Would you reproduce, word for word, only the lines running from the top of the data through the line containing "Rodzinna Majówka na", and none of the pictures?

SOURCE DATA ->
________________________________________

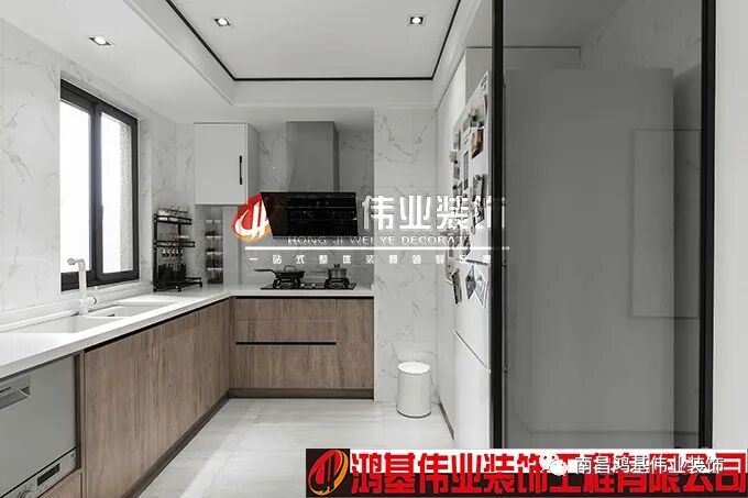 L形吧臺進一步拓展空間的功能性,它既是廚房的操作臺面也是餐廳的輔助,無論是兩人的燭光晚餐,還是親友的聚餐party,都可以輕松搞定。根據(jù)廚房的不同區(qū)域設計櫥柜,充分滿足廚房收納需要。內(nèi)嵌洗碗機,多層調(diào)料架……方方面面透露出整潔舒適的居家智慧。純凈的白色臺面與溫潤的木色櫥柜搭配,廚房整潔又溫馨。冰箱和高柜靠墻擺放,空間利用更加合理。
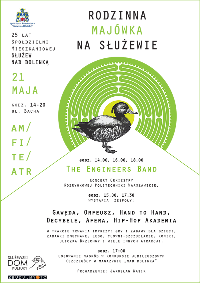 Rodzinna Majówka na Służewie. Zapraszamy wszystkich mieszkańców Służewa (i nie tylko) na doroczny festyn. W programie atrakcje dla małych i dużych, występy zespołów działających przy SDK. To także wspaniała okazja, żeby spotkać się z sąsiadami.Amfiteatr osiedlowy, okolice Bacha 22, g. 14.00-20.00/wstęp wolny
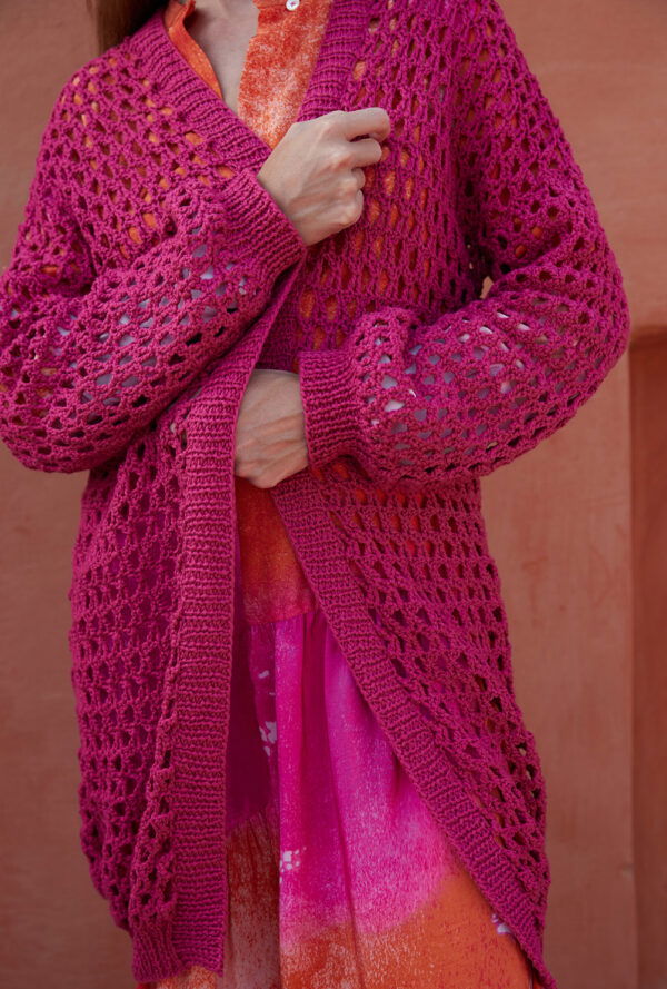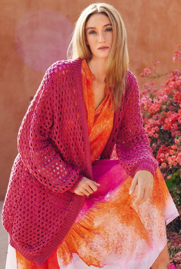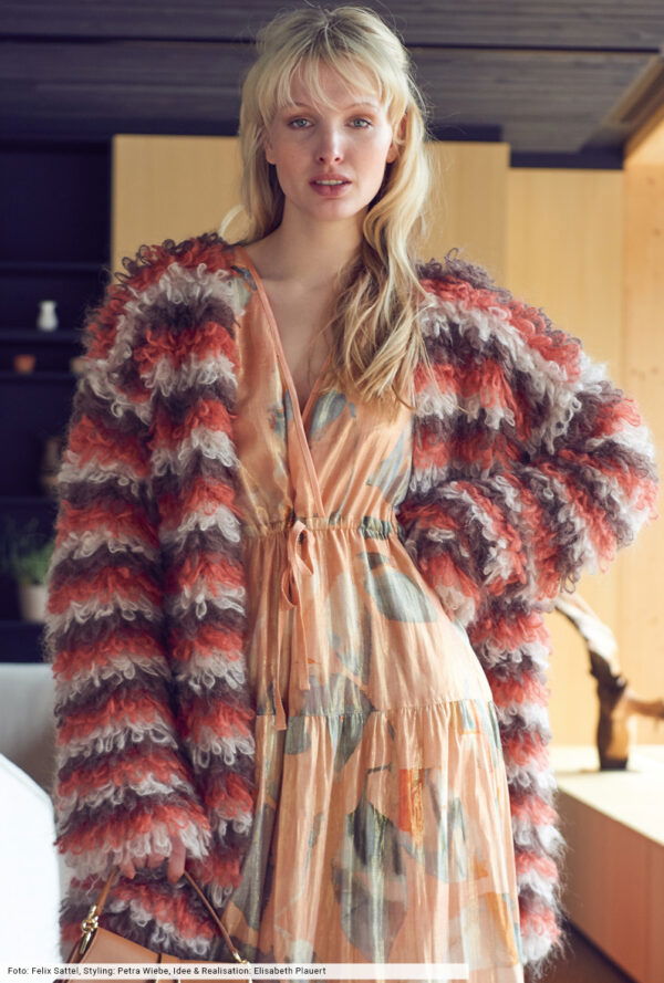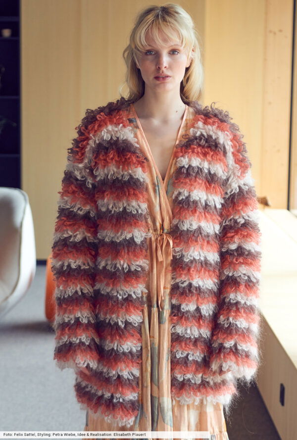 Wer schon lange nicht mehr gehäkelt hat, kann sich hier voll und ganz auf das Muster aus Luftmaschen, Stäbchen und festen Maschen konzentrieren. Denn dieser tolle Poncho entsteht aus einem Rechteck, das zum Schluss an den seitlichen Rändern zusammengenäht wird. Besonders reizvoll ist auch die Kombination aus hellem Mint und warmem Braun – ein Farbkontrast, dem man nicht alle Tage sieht. Das weiche Alpakamixgarn sorgt für den lockeren Fall und umhüllt die Körperkonturen. Unser Fazit: wärmstens zu empfehlen!

________________________________________

SOLUTION TO THIS PROBLEM ->
 L形吧臺進一步拓展空間的功能性,它既是廚房的操作臺面也是餐廳的輔助,無論是兩人的燭光晚餐,還是親友的聚餐party,都可以輕松搞定。根據(jù)廚房的不同區(qū)域設計櫥柜,充分滿足廚房收納需要。內(nèi)嵌洗碗機,多層調(diào)料架……方方面面透露出整潔舒適的居家智慧。純凈的白色臺面與溫潤的木色櫥柜搭配,廚房整潔又溫馨。冰箱和高柜靠墻擺放,空間利用更加合理。
 Rodzinna Majówka na Służewie. Zapraszamy wszystkich mieszkańców Służewa (i nie tylko) na doroczny festyn. W programie atrakcje dla małych i dużych, występy zespołów działających przy SDK. To także wspaniała okazja, żeby spotkać się z sąsiadami.Amfiteatr osiedlowy, okolice Bacha 22, g. 14.00-20.00/wstęp wolny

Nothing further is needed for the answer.